Why do you often lose money just by staring at the top gainer list? Let’s not talk about technicals first—let’s do the math clearly.


Go long: You put in 10U. In the worst case, those 10U go to zero. But if the direction is right, profits have no cap.
Go short: At most you can make that 10U. But once the market goes crazy and pumps, the losses are real—no ceiling.
Just this one point is already a graveyard for shorts on the gainer list.
Coins that make it onto the top gainer list come with built-in attention and sentiment.
Retail sees it up, gets excited, and chases—money rushes in.
Once FOMO really kicks in, shorts not only can’t hold it down; they become fuel for the pump.

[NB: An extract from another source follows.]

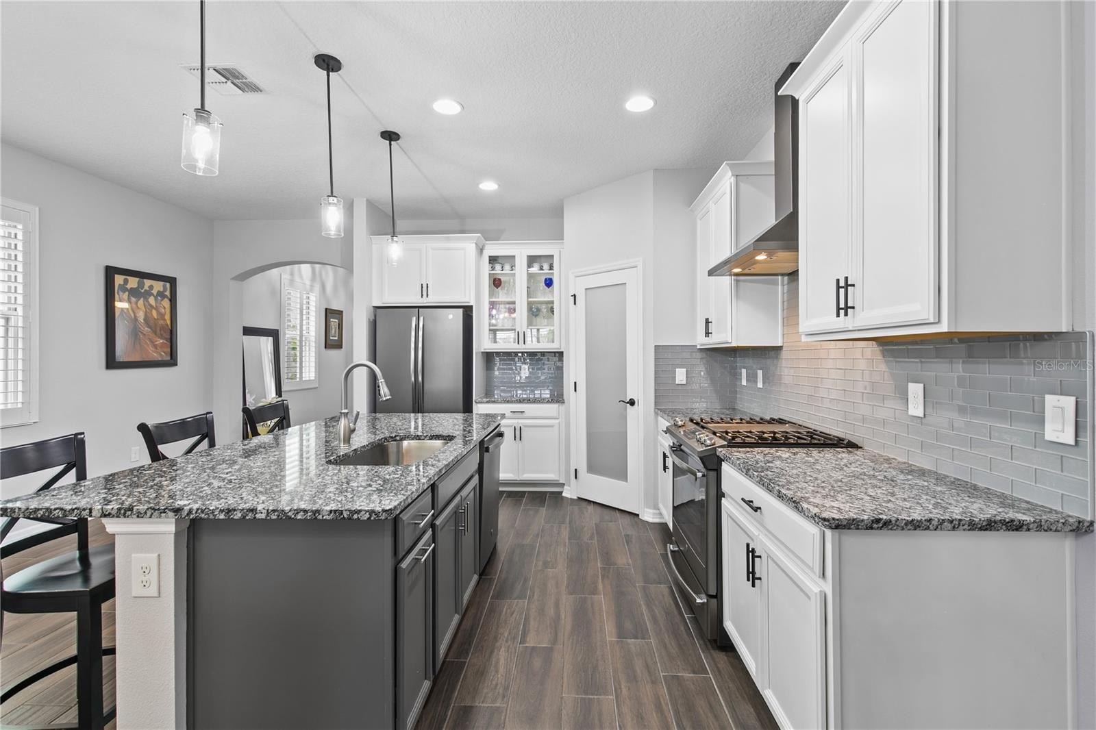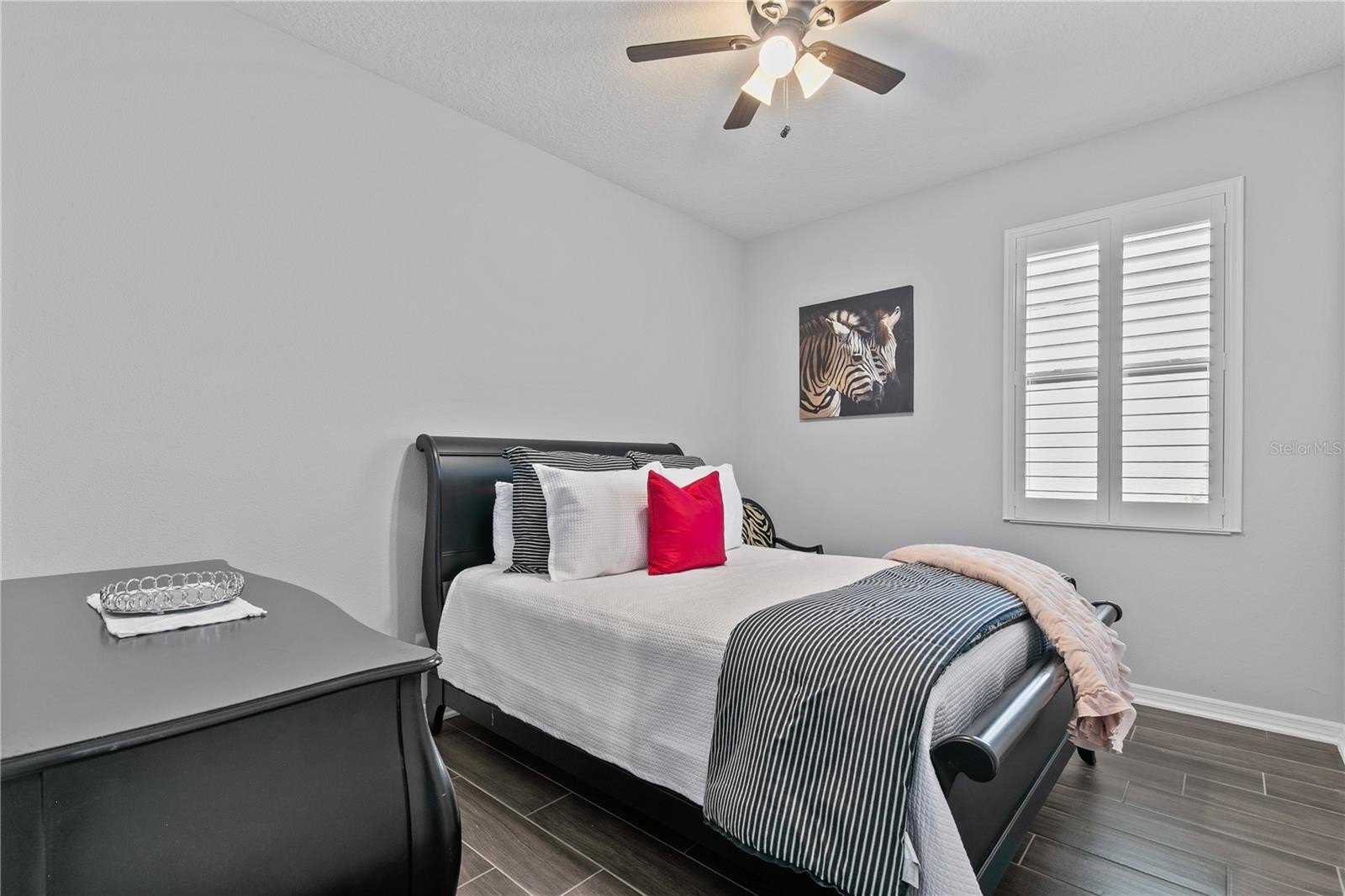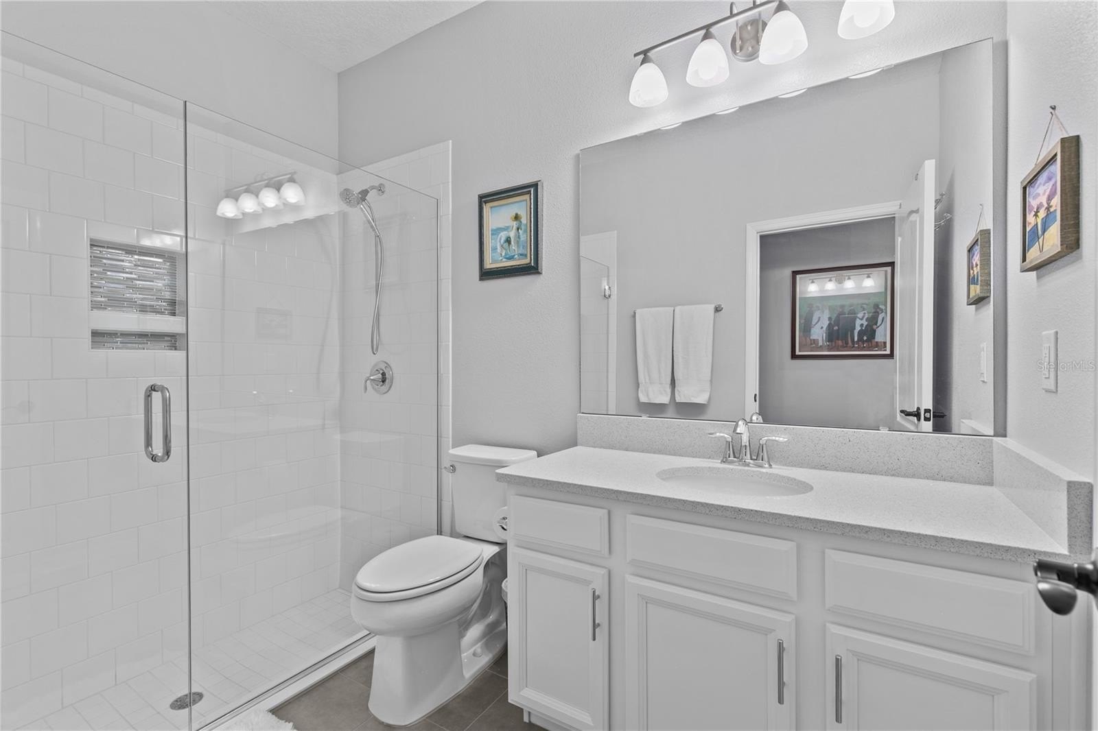 The kitchen and bathrooms feature upgraded finishes, including quartz countertops, while the primary bathroom boasts a beautifully upgraded shower. Additional features include a whole-home water softener system, sprinkler system, and hurricane shutters throughout—even on the sliding glass doors for added peace of mind.

When you short at a high level, you’re not fighting the candlesticks—you’re fighting the entire market’s emotions.
Worse still, many of these breakout coins have small market caps. The whales only need to lift a finger, and they can wipe out all the shorts.
The moment you’re stopped out and closed, your position becomes the momentum for them to keep pushing.
Those candlesticks you think look like a pullback? In most cases, it’s a wash.
Next candle—straight to the sky.
And there’s also the funding rate—don’t underestimate it; it slices your flesh little by little.
The longer you hold the position, the higher the cost, and the more your mindset collapses.
In crypto, it’s never about who can catch the top more accurately—it’s about who can survive longer.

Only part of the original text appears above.